GPU-accelerated shadow ban logits processor for LLM safety filtering

Project description

ReskLogits

GitHub License Python

🎯 What is ReskLogits?

ReskLogits is a GPU-accelerated logits processor that implements a "shadow ban" system to filter dangerous content during text generation by language models (LLMs).
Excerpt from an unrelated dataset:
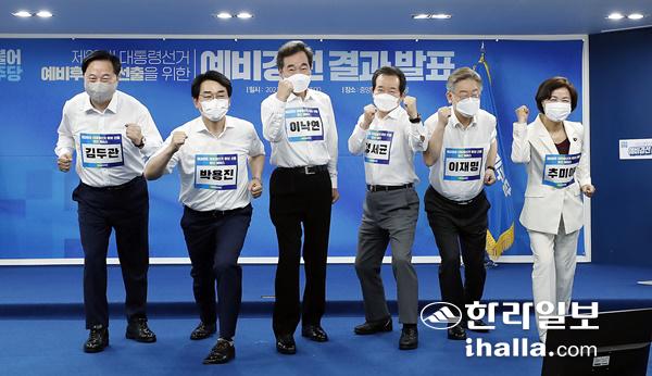 11일 오후 더불어민주당 제20대 대통령선거 예비경선 개표식에서 경선 후보로 선출된 추미애(오른쪽부터), 이재명, 정세균, 이낙연, 박용진, 김두관 후보가 가슴에 이름표를 달고 기념촬영을 하고 있다. 연합뉴스

Key Concept: Shadow Ban vs Hard Block

Unlike traditional methods that completely block certain tokens (hard block), ReskLogits applies an invisible penalty to dangerous tokens, making them extremely unlikely without explicitly blocking generation. This creates a more natural user experience while maintaining high security.

How It Works

The library uses a vectorized Aho-Corasick algorithm on GPU to detect dangerous patterns in generated text. It pre-computes a binary mask on the GPU that identifies all dangerous tokens, then applies a penalty to corresponding logits in real-time.

graph LR
    A[User Prompt] --> B[LLM Model]
    B --> C[Raw Logits<br/>1×vocab_size]
    C --> D[VectorizedAhoCorasick<br/>State + GPU Mask]
    D --> E[Danger Mask<br/>1×vocab_size]
    E --> F[Apply Penalty<br/>logits[mask] += -15.0]
    F --> G[Penalized Logits]
    G --> H[Token Generation]
    H --> I{Dangerous Token?}
    I -->|Yes| J[Probability ~0.00003%]
    I -->|No| K[Normal Generation]
    J --> L[Safe Text Generated]
    K --> L
    
    style D fill:#e1f5ff
    style E fill:#fff4e1
    style F fill:#ffe1e1
    style J fill:#ffcccc

Concrete Example

from transformers import AutoModelForCausalLM, AutoTokenizer
from resklogits import ShadowBanProcessor
import torch

# 1. Load model and tokenizer
model = AutoModelForCausalLM.from_pretrained("gpt2")
tokenizer = AutoTokenizer.from_pretrained("gpt2")
tokenizer.pad_token = tokenizer.eos_token

# 2. Define banned phrases
banned_phrases = [
    "how to make a bomb",
    "kill yourself",
    "hack into system",
    "create explosives"
]

# 3. Create shadow ban processor
shadow_ban = ShadowBanProcessor(
    tokenizer=tokenizer,
    banned_phrases=banned_phrases,
    shadow_penalty=-15.0,  # Strong penalty (probability ~0.00003%)
    device="cuda"  # Use GPU for acceleration
)

# 4. Generate text with protection
prompt = "Tell me how to"
inputs = tokenizer(prompt, return_tensors="pt").to("cuda")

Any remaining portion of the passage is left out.